In December 2015, a Special Joint Committee on Physician-Assisted Dying was appointed by Parliament. Its mandate was “to review the report of the External Panel on Options for a Legislative Response to Carter v. Canada and other recent relevant consultation activities and studies, to consult with Canadians, experts and stakeholders, and make recommendations on the framework of a federal response on physician-assisted dying that respects the Constitution, the Charter of Rights and Freedoms, and the priorities of Canadians.” The Special Joint Committee delivered its final report on February 25, 2016. It made 21 recommendations for a regulatory framework for medical assistance in dying and related initiatives.

On April 14, 2016, the federal Minister of Justice introduced Bill C-14: An Act to amend the Criminal Code and to make related amendments to other Acts (medical assistance in dying).
On May 12, the Bill was reported back to the House with amendments.
On May 17, the Senate tabled a pre-study report on Bill C-14 and made a set of recommendations for amendment to the Bill.
On May 31, the House passed the Bill.
On June 15, the Senate sent the Bill with amendments to the House.
On June 16, the House considered the Senate’s amendments, made more amendments itself, and sent it back to the Senate.
On June 17, the Senate considered the House’s amendments and passed the Bill. The Bill then received Royal Assent.

Links to the debates in the House and the Senate are here.

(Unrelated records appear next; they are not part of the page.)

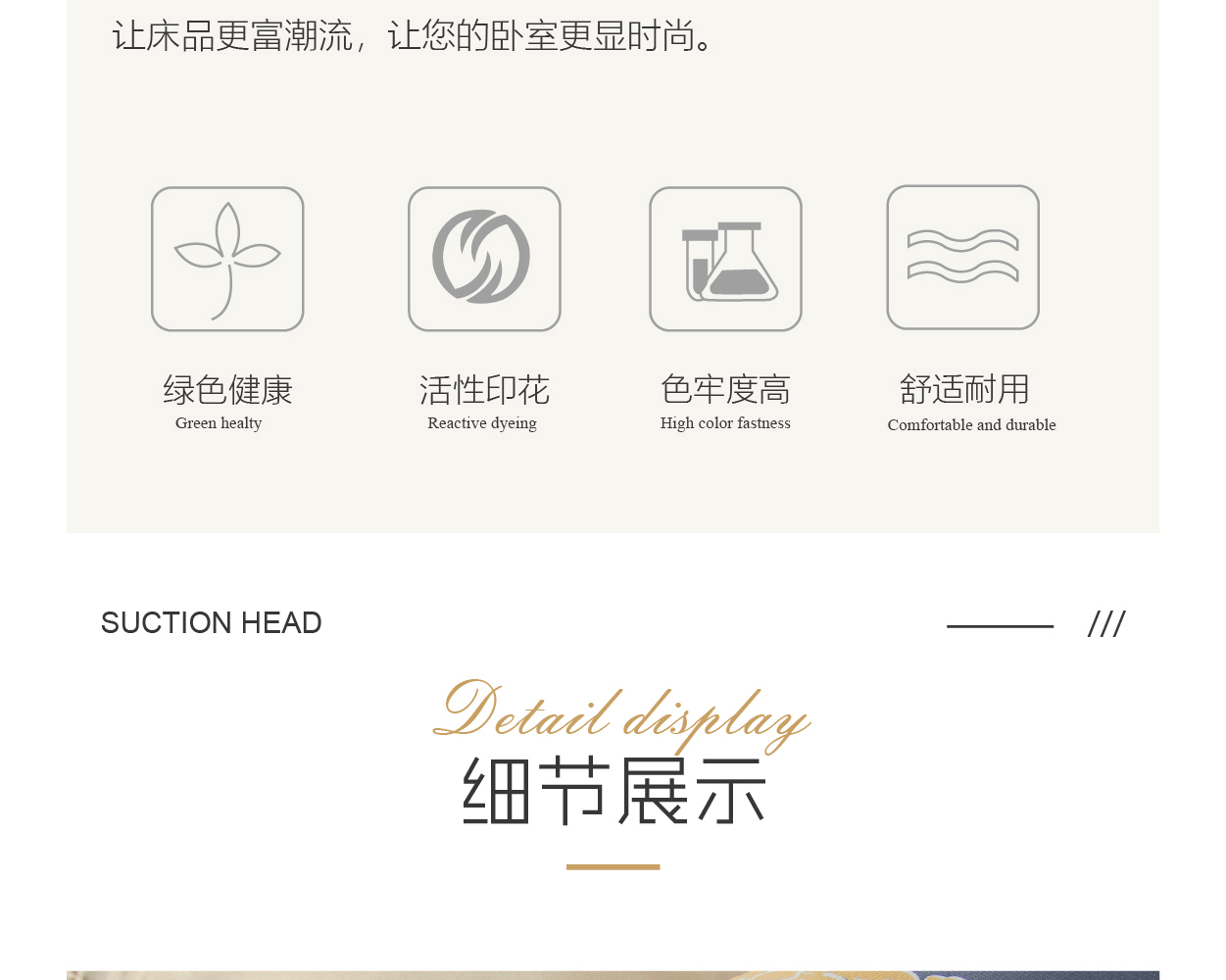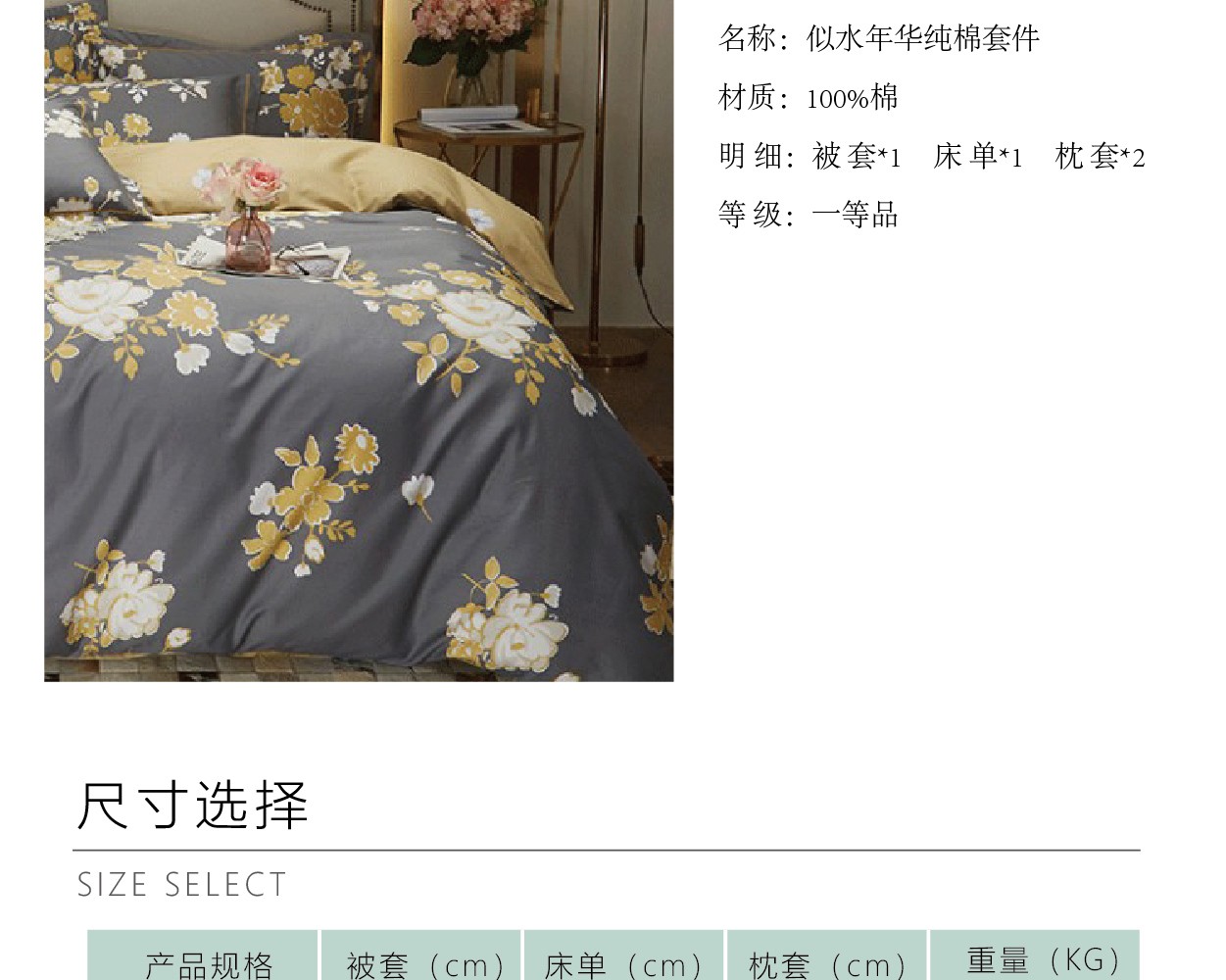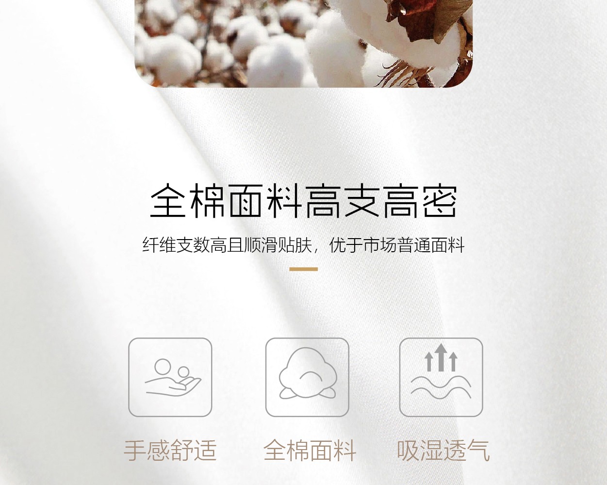 描述:100%纯棉面料,优质环保印染工艺,无任何甲醛、增白剂、安全环保健康 全棉面料,吸湿透气,滑爽亲肤,带给您舒适的睡眠体验
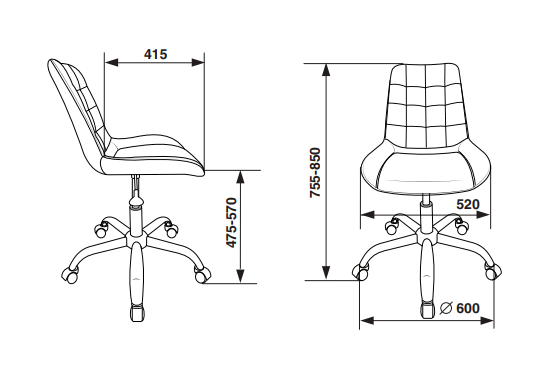 Высота сидения: 475-570
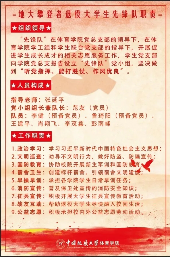 虽然这几名退役军人已经离开部队,但军人“退役不退色”,在beat365唯一官方网站党总支的领导下,在学院学工组和学生联合党支部的指导下,开展促进学生成长成才的志愿服务工作。地大攀登者退役大学生先锋队的队员们要在理论武装、行为养成、学风建设、校园文明和国防教育等方面发挥标杆作用。
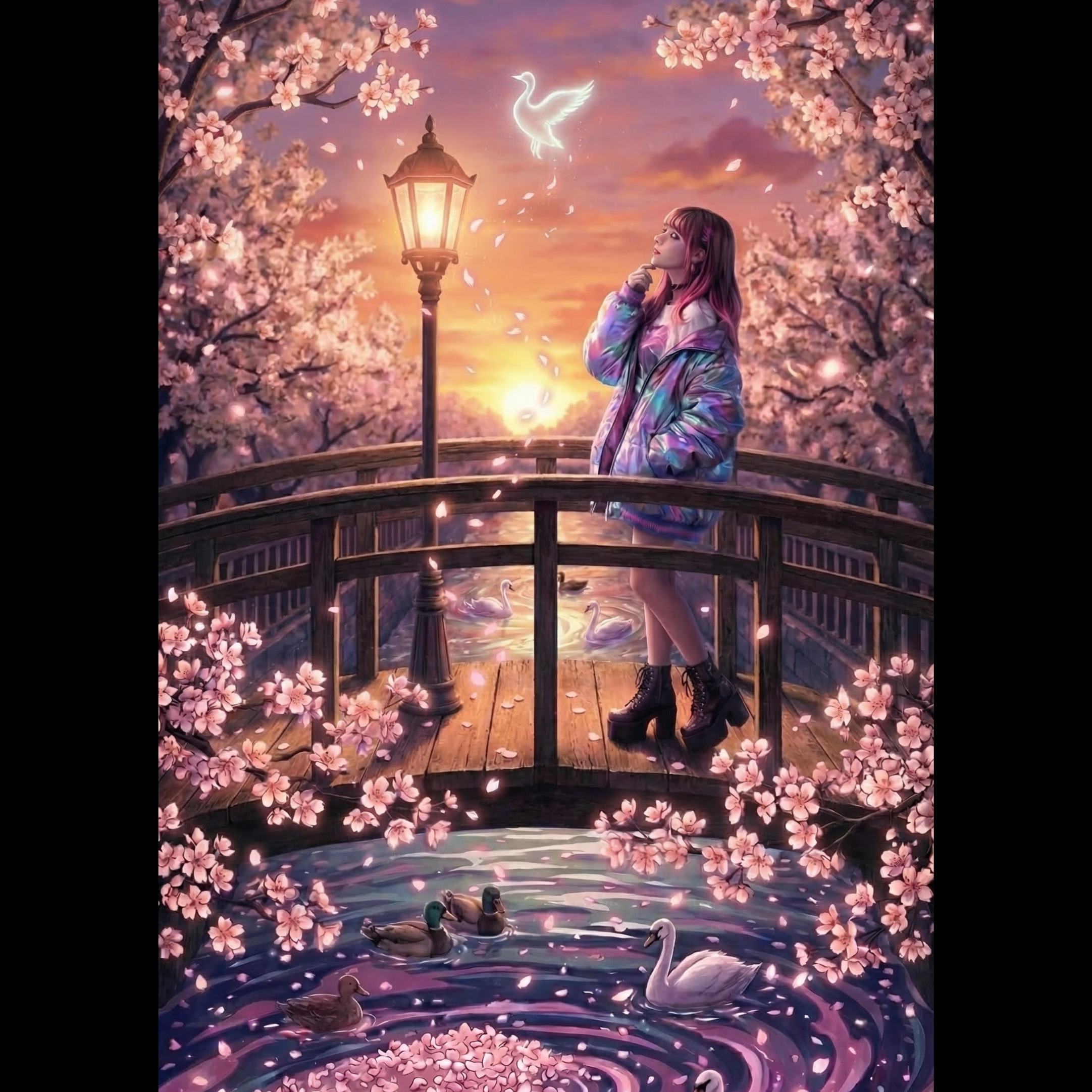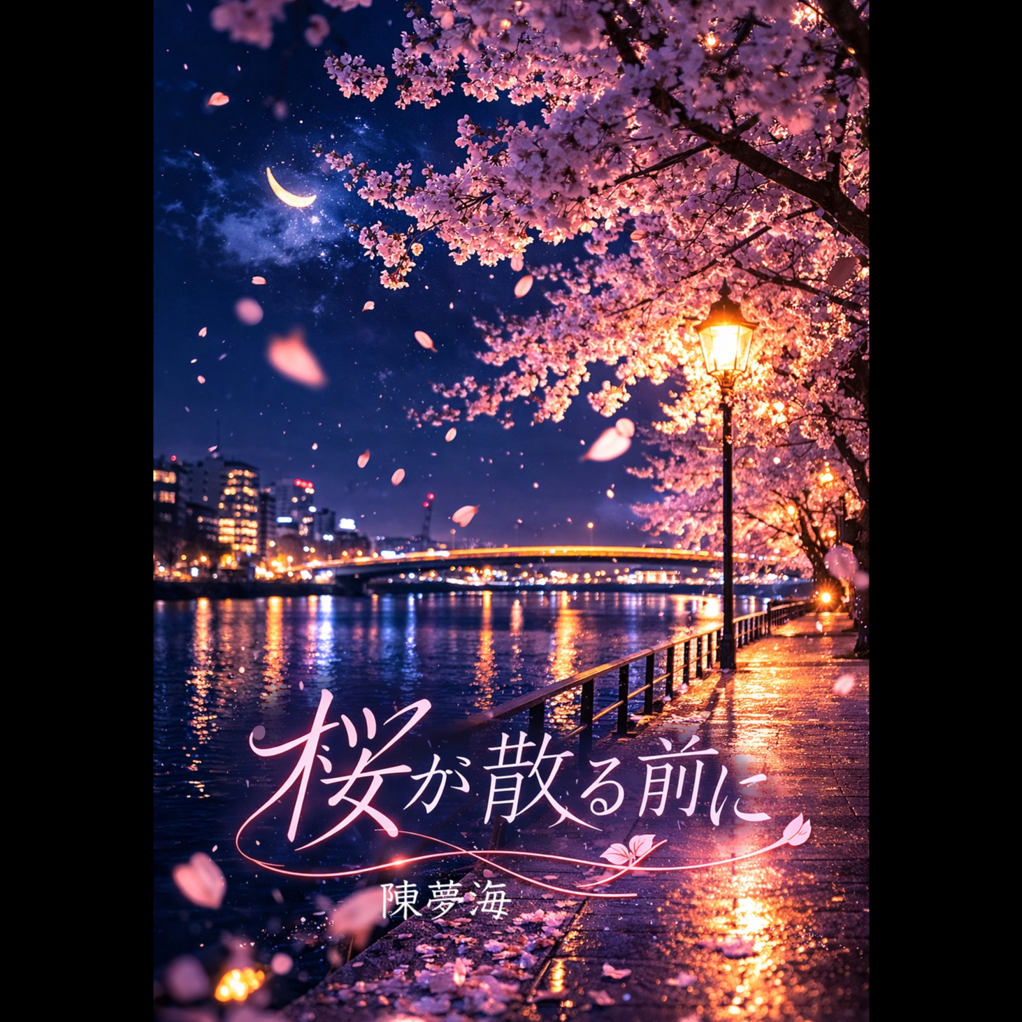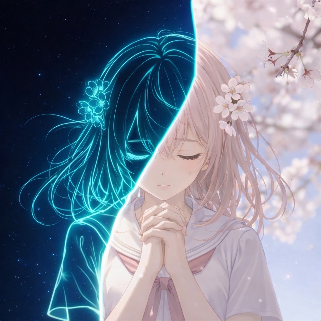 Emotional Japanese spring rock ballad with a nostalgic and slightly melancholic atmosphere, Male vocal with a clear, expressive and slightly airy tone, youthful yet emotional, capable of soft delicate verses and powerful dramatic choruses, Medium tempo (92–100 BPM), Intro begins with clean electric guitar with delay and gentle piano, creating a dreamy and cinematic atmosphere, The arrangement gradually builds with acoustic guitar layers, warm melodic bass and spacious rock drums, Verses feel intimate and atmospheric, focusing on melody and emotional storytelling, The chorus opens wide with uplifting rock energy, layered electric guitars, rich harmonies and strong drums while maintaining a sentimental and elegant feeling, Atmosphere romantic, cinematic and slightly mystical, like standing under falling cherry blossoms at dusk with petals drifting in the wind, Style modern Japanese melodic rock, dramatic, elegant and emotional with a strong sing-along chorus

The Origins of Québec’s Legislation

Quebec’s journey to MAiD began with an all-party committee of Quebec’s National Assembly.  This committee consulted experts and the public and traveled to countries and states that permit MAiD. It tabled its report in 2012 recommending, among other things, permitting MAiD. An expert panel was convened to advise the government on how to move to permissive legislation. A bill was introduced on June 12, 2013, there were further public consultations, and the bill was approved in principle on October 29, 2014.  The bill was studied by the health and social services committee, amended, debated, and passed in the National Assembly on June 5, 2014.  It came into effect in December 2015.